Figure 9. Hsp15-mediated rescue of peptidyl-tRNA on 50S subunits

(a) Scheme for the Hsp15-mediated translocation of peptidyl-tRNA from A- to P-site to allow peptidyl-tRNA hydrolysis and release of the polypeptide chain (possibly by recruitment of RF2) and subsequent recycling of the 50S subunits.

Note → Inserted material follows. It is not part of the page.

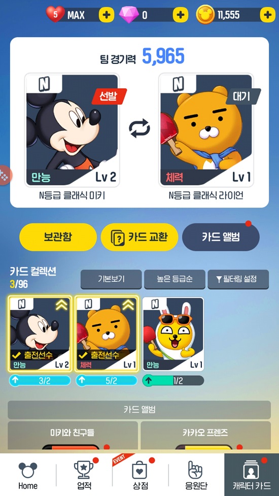 ‘올스타 스매시’ 캐릭터 카드 앨범_ 카카오프렌즈 그리고 미키와 친구들 = 카카오게임즈제공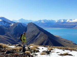 The other trip was to Ben Dhu in the Rhoboro Hills beside Lake Pukaki. This was a round trip which included negotiating almost impenetrable wilding pines and rosehip bushes by walking up a creek bed and ascending above the snowline for some fantastic views of Mt. Cook and over Lake Pukaki. A kind couple in a Juicy van gave him a ride back down the road to his car to complete the round trip and saved him riding his bike in the dark.

Figure 10. Relief of antibiotic stress by TetM- and FusB-like proteins

(a) Scheme for TetM-mediated tetracycline resistance via ribosome binding and removal of tetracycline. (b) Structure of TetM on the 70S ribosome (Donhofer et al., 2012). (c-d) Relative binding position of loop III of domain IV of TetM relative to (c) tetracycline and (d) tigecycline (Donhofer et al., 2012, Jenner et al., 2013). (e) Structure of EF-G stalled by fusidic acid on the 70S ribosome (Gao et al., 2009). (f) Model for the interaction of FusB (teal) with domain IV of EF-G (blue) (based on (Cox et al., 2012)). (g) Scheme for FusB-mediated fusidic acid resistance via ribosome binding and dislodging the EF-G-fusidic acid complex.

Figure 11. Ribosome-associated stress factors Obg, EF4 and BipA

(a) Structure of Obg, with N-terminal OBG and C-terminal OCT domain flanking the G domain bound with ppGpp in the active site (Buglino et al., 2002, Kukimoto-Niino et al., 2004). (b) Scheme for EF4-mediated back-translocation of tRNAs on the ribosome. (c) Structure of EF4 bound to the 70S ribosome (Connell et al., 2008). (d) Interaction of EF4 (blue) with distorted A/L-tRNA (orange), relative to canonical P-tRNA (green) and E-tRNA (red) (Connell et al., 2008). (e) Structure of BipA (teal, PDB3E3X) relative to distorted A/L-tRNA from EF4-70S complex (Connell et al., 2008) (aligned to EF4 based on the conserved G domain).